**WHAT YOU HAVE TO DO:**
Return the listing exactly as it appears, but strip out the images.
** Opening INPUT DATA block **
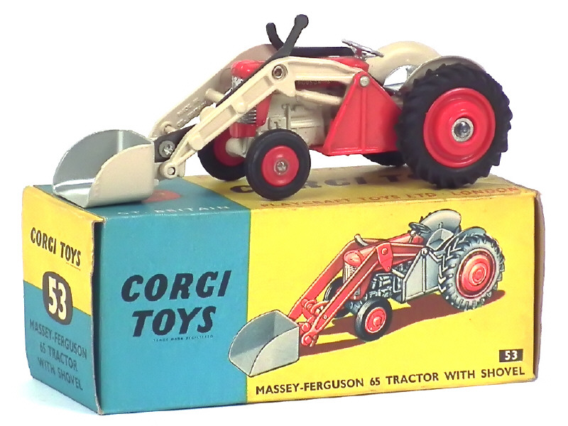 CORGI TOYS (GB) 53 MASSEY FERGUSON 65 Tracteur avec pelle chargeuse rouge & blanc cassé
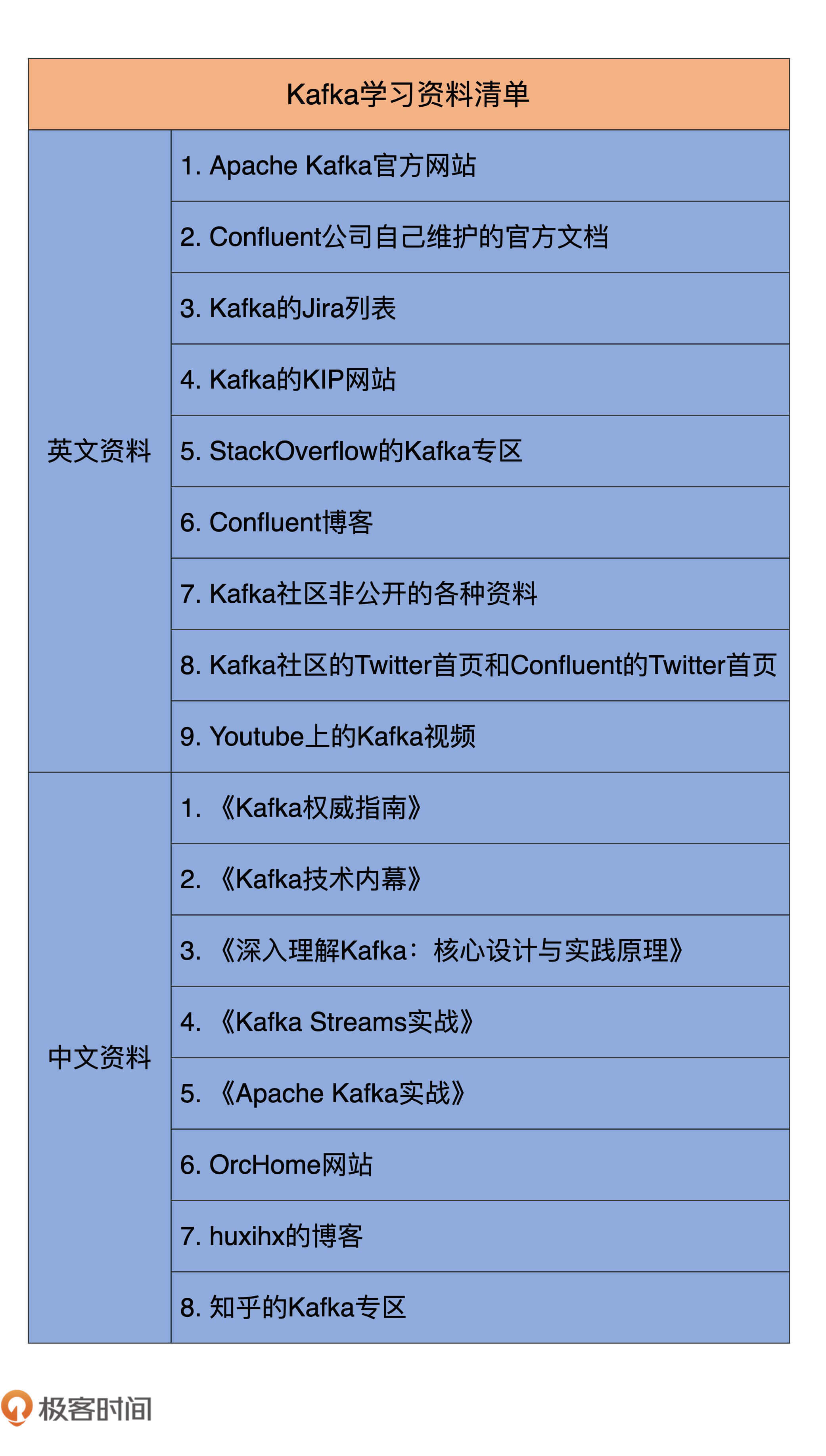 好了,上面的这些内容就是我总结的Kafka学习资料清单,希望它们对你是有帮助的。我把它们整理在了一张表格里,你可以重点看下。
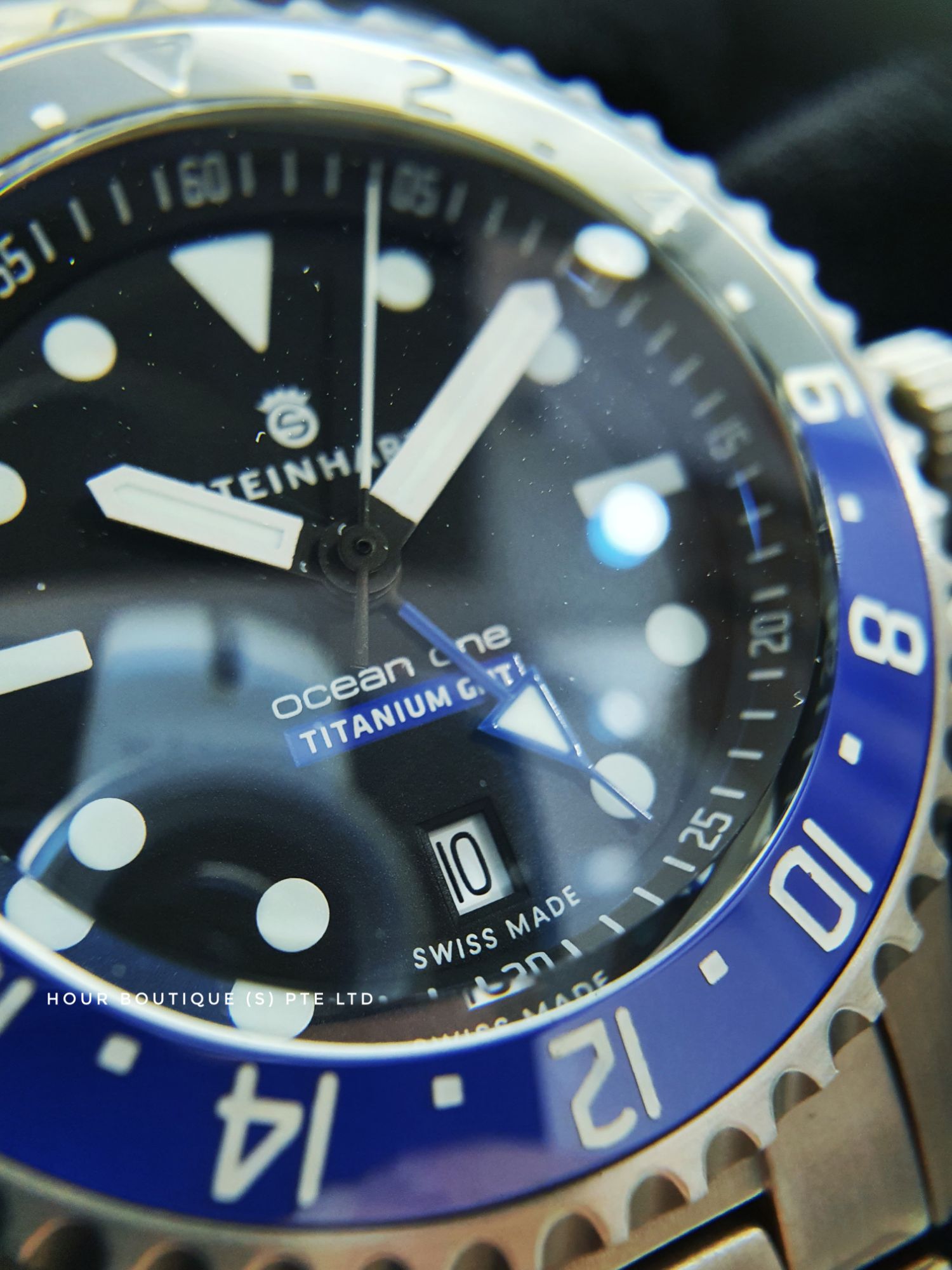 Swiss Made Steinhart Ocean 1 Titanium Black Blue Ceramic Bezel GMT Men's Automatic Divers Watch
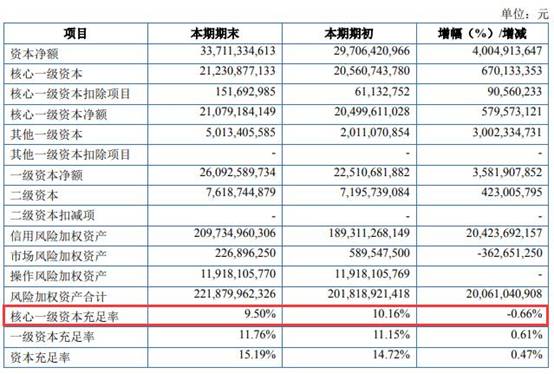该行今年9月末的核心一级资本充足率较上年末下降0.66个百分点。银保监会披露的数据显示,截止今年三季度末,商业银行核心一级资本充足率为10.44%。
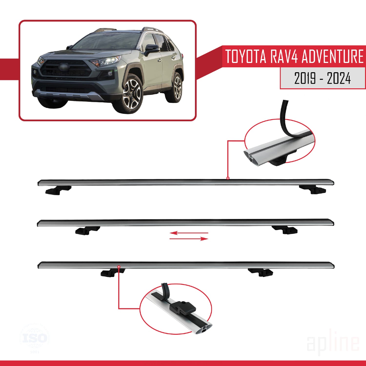 Compatible avec Toyota RAV4 Adventure 2019-2024 BASIC Model Barres de Toit Railing Porte-Bagages de Voiture Gris Aluminium 3 Barres
** Closing INPUT DATA block **
**RESPONSE TO THIS EXERCISE:**
 CORGI TOYS (GB) 53 MASSEY FERGUSON 65 Tracteur avec pelle chargeuse rouge & blanc cassé
 好了,上面的这些内容就是我总结的Kafka学习资料清单,希望它们对你是有帮助的。我把它们整理在了一张表格里,你可以重点看下。
 Swiss Made Steinhart Ocean 1 Titanium Black Blue Ceramic Bezel GMT Men's Automatic Divers Watch
该行今年9月末的核心一级资本充足率较上年末下降0.66个百分点。银保监会披露的数据显示,截止今年三季度末,商业银行核心一级资本充足率为10.44%。
 Compatible avec Toyota RAV4 Adventure 2019-2024 BASIC Model Barres de Toit Railing Porte-Bagages de Voiture Gris Aluminium 3 Barres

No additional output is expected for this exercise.